Assignment =>
The expected answer is every line from the material below that has the word "This".
___ Dataset records ___
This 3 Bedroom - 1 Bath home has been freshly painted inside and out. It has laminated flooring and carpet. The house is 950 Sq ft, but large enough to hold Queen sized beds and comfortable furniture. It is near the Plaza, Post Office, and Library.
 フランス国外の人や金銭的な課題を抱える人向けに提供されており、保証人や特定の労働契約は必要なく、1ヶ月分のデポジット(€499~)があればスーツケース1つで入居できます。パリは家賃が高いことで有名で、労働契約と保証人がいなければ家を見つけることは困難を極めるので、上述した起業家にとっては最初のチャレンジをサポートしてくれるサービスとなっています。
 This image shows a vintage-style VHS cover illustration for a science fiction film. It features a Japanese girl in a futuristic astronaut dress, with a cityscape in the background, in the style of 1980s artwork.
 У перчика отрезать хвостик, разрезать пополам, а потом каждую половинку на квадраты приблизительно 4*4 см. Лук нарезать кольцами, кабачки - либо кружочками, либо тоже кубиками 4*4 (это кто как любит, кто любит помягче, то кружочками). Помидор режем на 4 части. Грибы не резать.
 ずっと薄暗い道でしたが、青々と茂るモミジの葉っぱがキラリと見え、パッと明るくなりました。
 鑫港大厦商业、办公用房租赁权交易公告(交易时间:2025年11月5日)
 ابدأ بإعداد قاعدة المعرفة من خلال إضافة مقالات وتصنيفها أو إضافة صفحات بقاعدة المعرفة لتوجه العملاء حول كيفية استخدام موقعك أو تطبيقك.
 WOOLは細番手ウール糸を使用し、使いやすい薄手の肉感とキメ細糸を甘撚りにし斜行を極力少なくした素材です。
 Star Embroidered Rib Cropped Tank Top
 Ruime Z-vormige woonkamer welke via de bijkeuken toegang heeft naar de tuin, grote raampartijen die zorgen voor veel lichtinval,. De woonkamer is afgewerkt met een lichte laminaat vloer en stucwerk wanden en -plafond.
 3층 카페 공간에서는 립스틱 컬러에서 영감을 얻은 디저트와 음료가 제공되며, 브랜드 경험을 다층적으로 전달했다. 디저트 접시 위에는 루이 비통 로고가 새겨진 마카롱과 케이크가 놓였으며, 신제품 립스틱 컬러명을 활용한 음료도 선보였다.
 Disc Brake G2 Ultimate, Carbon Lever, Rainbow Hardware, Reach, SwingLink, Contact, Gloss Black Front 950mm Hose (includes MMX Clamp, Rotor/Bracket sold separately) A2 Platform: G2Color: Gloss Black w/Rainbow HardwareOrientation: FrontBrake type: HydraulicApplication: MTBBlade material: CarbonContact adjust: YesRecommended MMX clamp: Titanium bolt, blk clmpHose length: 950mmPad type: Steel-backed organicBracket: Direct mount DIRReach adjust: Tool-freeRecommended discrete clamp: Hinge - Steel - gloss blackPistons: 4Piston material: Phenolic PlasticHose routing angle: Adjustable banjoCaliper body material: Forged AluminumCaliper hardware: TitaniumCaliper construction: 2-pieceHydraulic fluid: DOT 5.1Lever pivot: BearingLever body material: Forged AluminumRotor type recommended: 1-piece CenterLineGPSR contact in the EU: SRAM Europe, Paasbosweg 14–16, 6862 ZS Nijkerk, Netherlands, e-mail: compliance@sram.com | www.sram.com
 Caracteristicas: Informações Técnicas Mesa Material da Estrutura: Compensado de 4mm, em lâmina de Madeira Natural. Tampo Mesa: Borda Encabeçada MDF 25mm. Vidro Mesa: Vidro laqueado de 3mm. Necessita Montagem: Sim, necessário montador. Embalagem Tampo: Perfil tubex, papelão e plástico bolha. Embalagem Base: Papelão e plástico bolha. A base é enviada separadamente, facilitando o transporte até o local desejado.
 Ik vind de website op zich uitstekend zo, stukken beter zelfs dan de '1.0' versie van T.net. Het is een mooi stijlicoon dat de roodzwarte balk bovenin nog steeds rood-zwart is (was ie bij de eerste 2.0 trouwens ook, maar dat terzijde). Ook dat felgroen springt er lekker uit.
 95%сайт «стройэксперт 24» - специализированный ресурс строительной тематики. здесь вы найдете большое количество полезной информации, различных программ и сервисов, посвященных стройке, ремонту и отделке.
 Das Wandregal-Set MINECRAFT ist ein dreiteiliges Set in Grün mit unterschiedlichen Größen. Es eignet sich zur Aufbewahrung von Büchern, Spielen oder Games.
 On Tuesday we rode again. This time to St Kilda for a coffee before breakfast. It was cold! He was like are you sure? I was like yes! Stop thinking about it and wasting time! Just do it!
___
Task answer =>
This 3 Bedroom - 1 Bath home has been freshly painted inside and out. It has laminated flooring and carpet. The house is 950 Sq ft, but large enough to hold Queen sized beds and comfortable furniture. It is near the Plaza, Post Office, and Library.
 This image shows a vintage-style VHS cover illustration for a science fiction film. It features a Japanese girl in a futuristic astronaut dress, with a cityscape in the background, in the style of 1980s artwork.
 On Tuesday we rode again. This time to St Kilda for a coffee before breakfast. It was cold! He was like are you sure? I was like yes! Stop thinking about it and wasting time! Just do it!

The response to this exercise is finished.